(Data records)

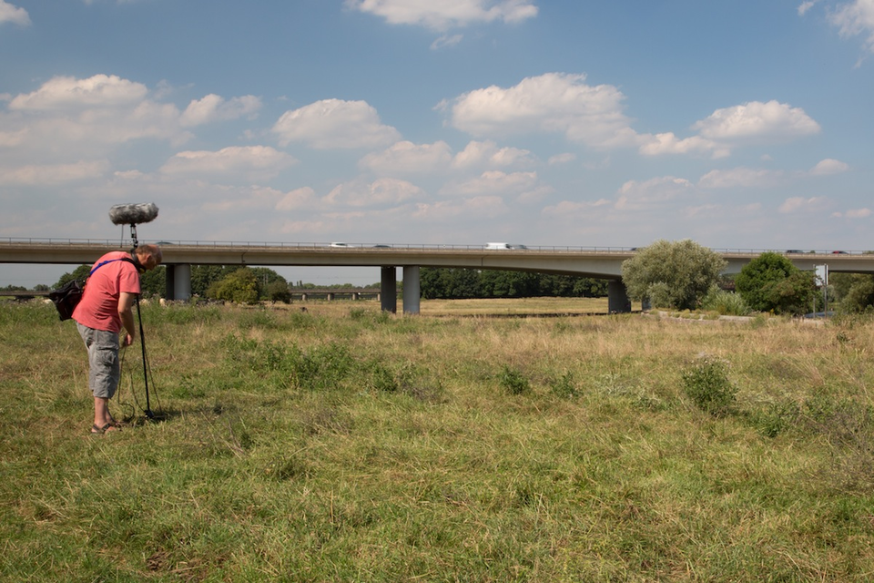 From there we walked along the footbridge leading to the power station. We stopped again half way across the footbridge, at the point where it makes an angle and creates something of a platform overlooking the river and the marshes along the shore of the island. Here the acoustic environment, or acoustic horizon, is wide enough, far enough from traffic that low-level, filigree sound elements become audible. The most dominant sonic element at that spot becomes the aeroplanes taking off from nearby Düsseldorf airport. This is something that several people we talked to commented upon (young woman during the recording with Trond in the street next to the train viaduct and the old lady on the bus stop while filming trams), especially when they thought that we were taking noise measurements.
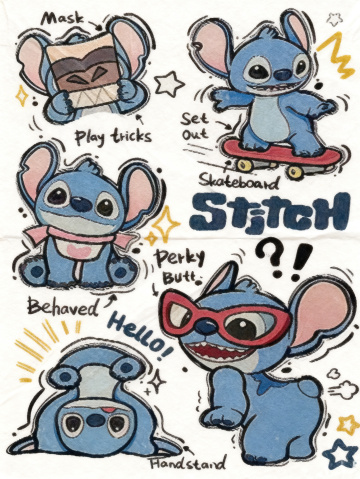 史迪奇在海浪中冲浪,可爱清新,充满夏日欢乐氛围。
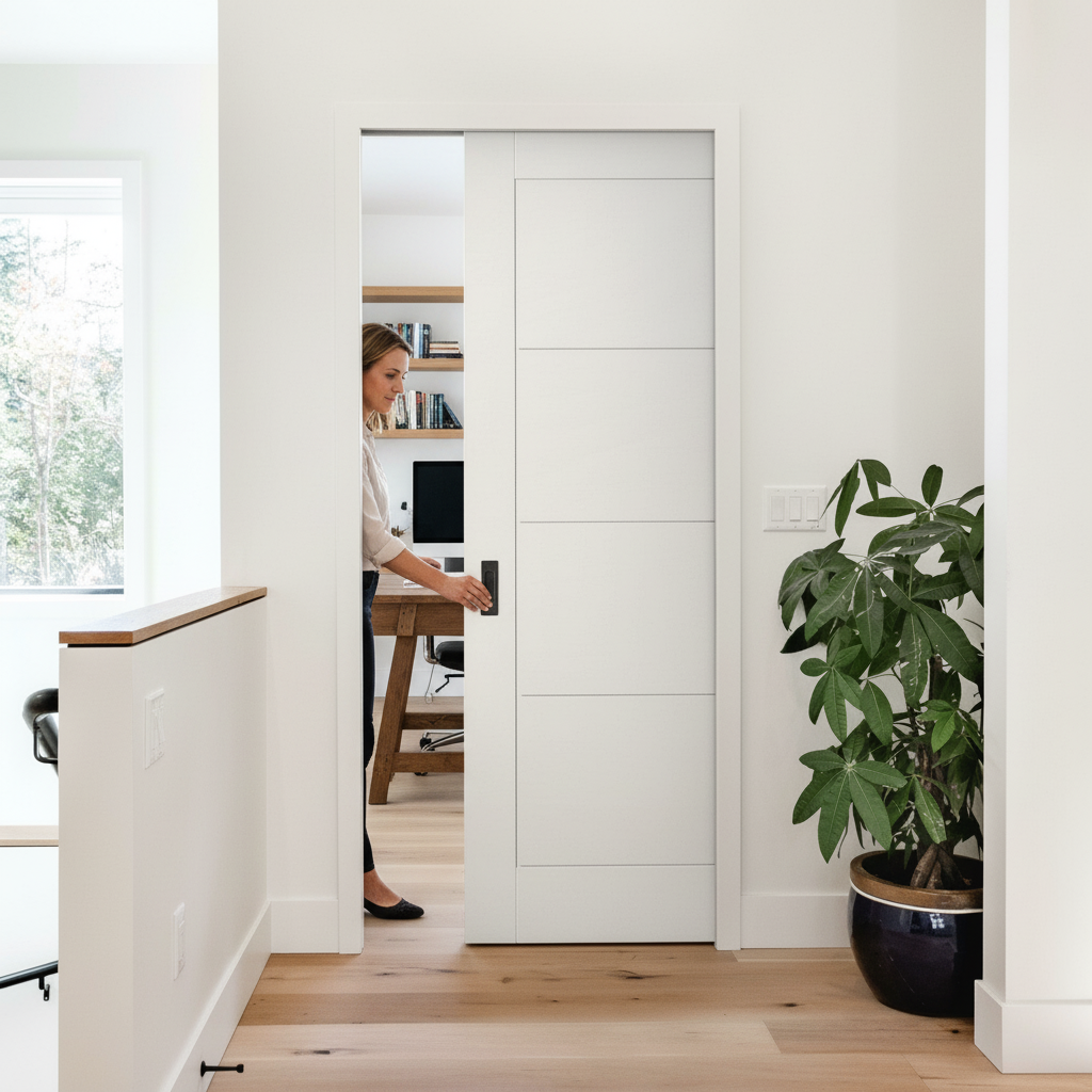 - What is the primary benefit of a pocket door? Pocket doors save space and provide a streamlined look.
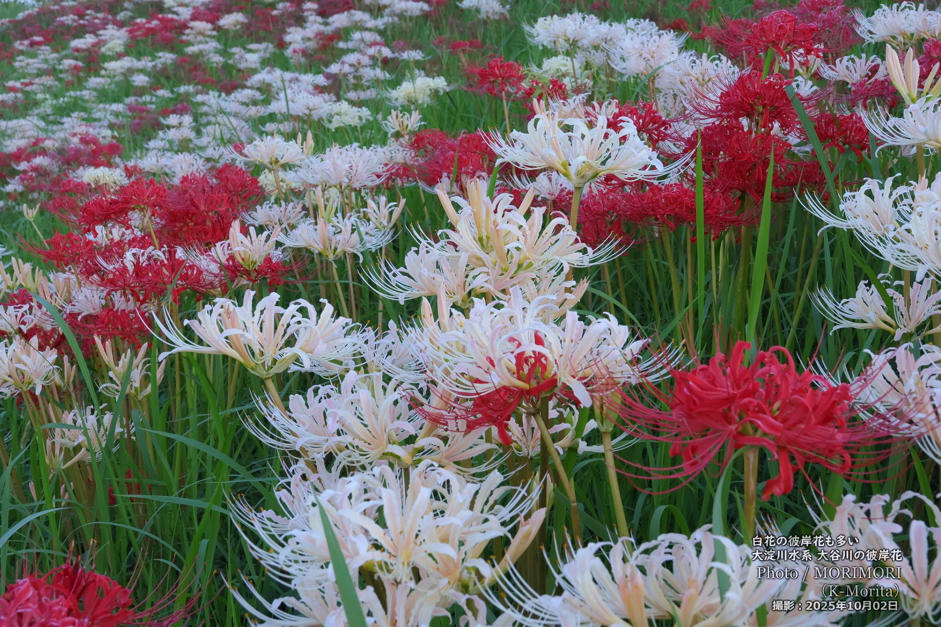 赤色の彼岸花は9月27日頃に見頃を迎えましたが、10月2日夕刻現在、白色の彼岸花が最盛期で、紅と白が丁度一緒に咲いている状況でした。
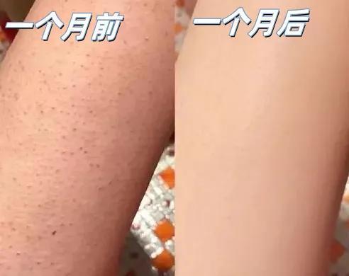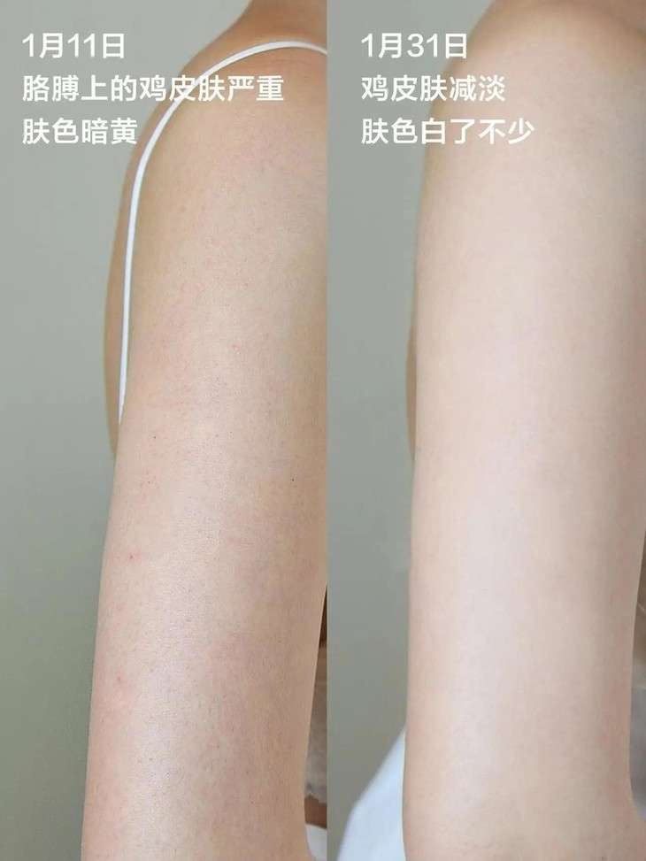 奉上去鸡皮实秀—— 原本明显的鸡皮,在坚持使用了一段时间后 明显看到鸡皮变化,让你有图有真相的看到: 左:没涂身体乳前,鸡皮肌肤问题明显 右:坚持涂身体乳后,同一个位置,减少了许多
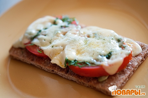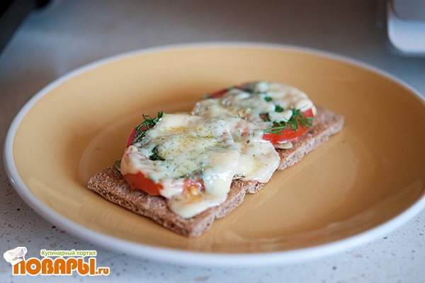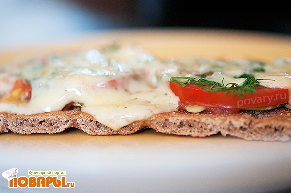 Перед тем, как это сделать, можно смазать хлебец оливковым маслом, так будет еще вкуснее.
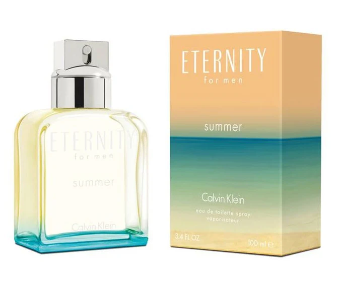 Calvin Klein Eternity for Men Summer 2015 is an aromatic fougère fragrance for men. Launched in 2015, this composition features a marine freshness, grapefruit, and pink pepper in its top notes. The heart reveals juniper berries, fig leaves, and cypress, while the base settles with driftwood, musk, and amber.
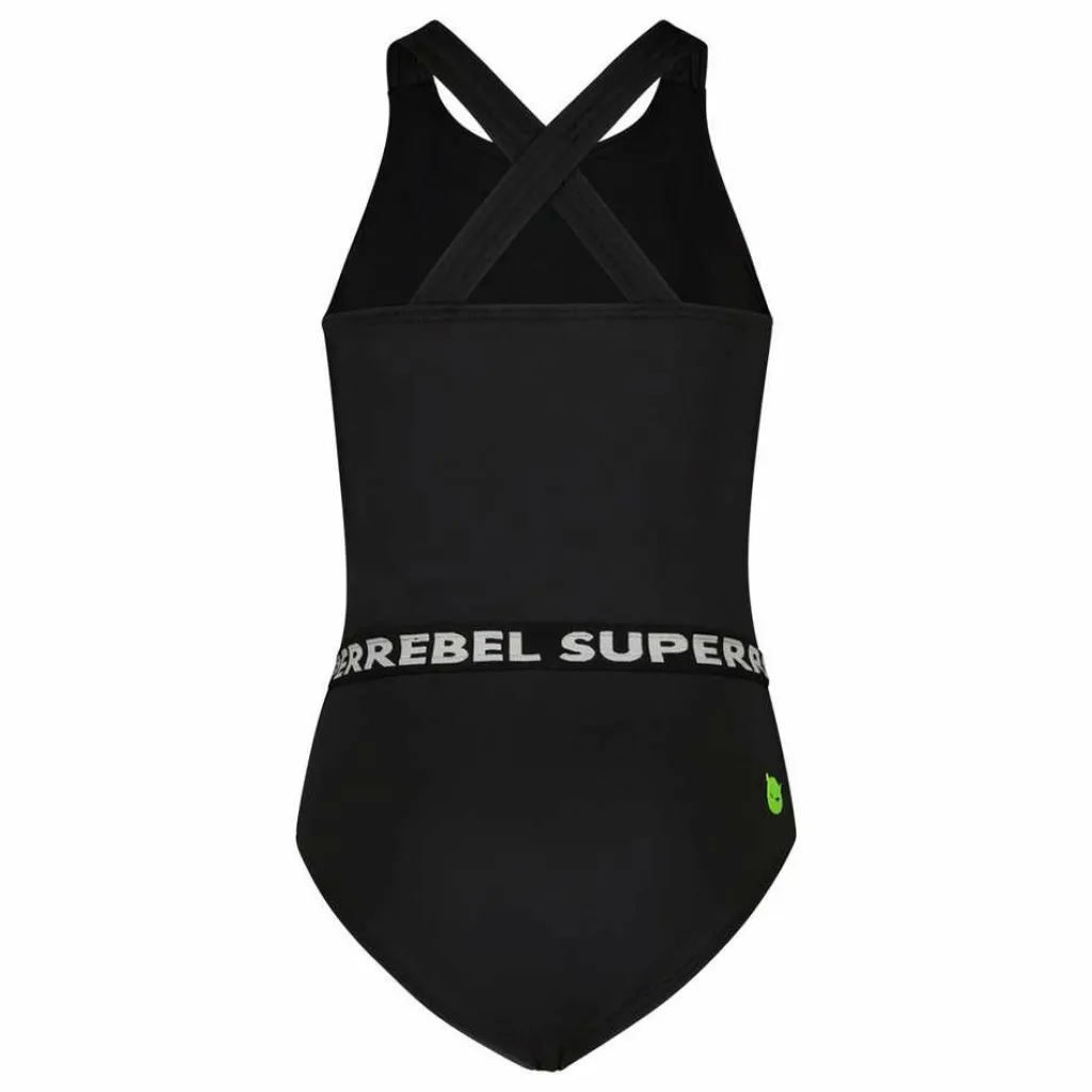 Dit SuperRebel Pisa badpak voor junioren in de kleur black is voorzien van gekruiste banden op de rug. Het badpak is afgewerkt met SuperRebel details voor een eigentijdse look en is deels gemaakt van gerecyclede materialen.
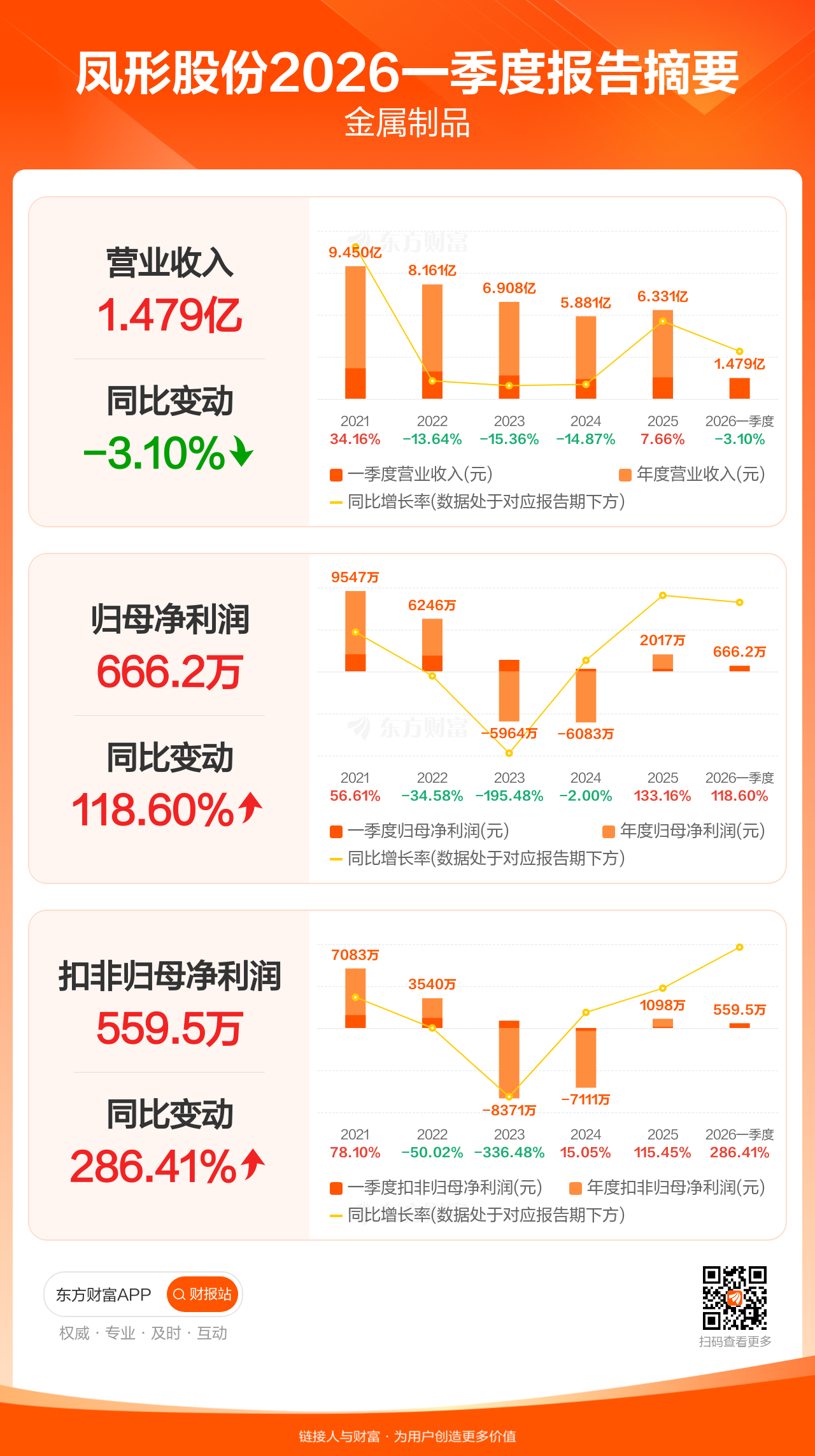 凤形股份4月28日发布2026年一季报显示,公司一季度实现营业收入1.48亿元,同比下滑3.10%;归母净利润666.17万元,同比增长118.60%;扣非归母净利润559.47万元,同比增长286.41%。

(End Data records)

**What to do:** Your answer should be the exact lines above from the one containing "赤色の彼岸花は9月27日頃に" through the one containing "Calvin Klein Eternity", with both end lines kept and the pictures removed, please.

**Task result:**
 赤色の彼岸花は9月27日頃に見頃を迎えましたが、10月2日夕刻現在、白色の彼岸花が最盛期で、紅と白が丁度一緒に咲いている状況でした。
 奉上去鸡皮实秀—— 原本明显的鸡皮,在坚持使用了一段时间后 明显看到鸡皮变化,让你有图有真相的看到: 左:没涂身体乳前,鸡皮肌肤问题明显 右:坚持涂身体乳后,同一个位置,减少了许多
 Перед тем, как это сделать, можно смазать хлебец оливковым маслом, так будет еще вкуснее.
 Calvin Klein Eternity for Men Summer 2015 is an aromatic fougère fragrance for men. Launched in 2015, this composition features a marine freshness, grapefruit, and pink pepper in its top notes. The heart reveals juniper berries, fig leaves, and cypress, while the base settles with driftwood, musk, and amber.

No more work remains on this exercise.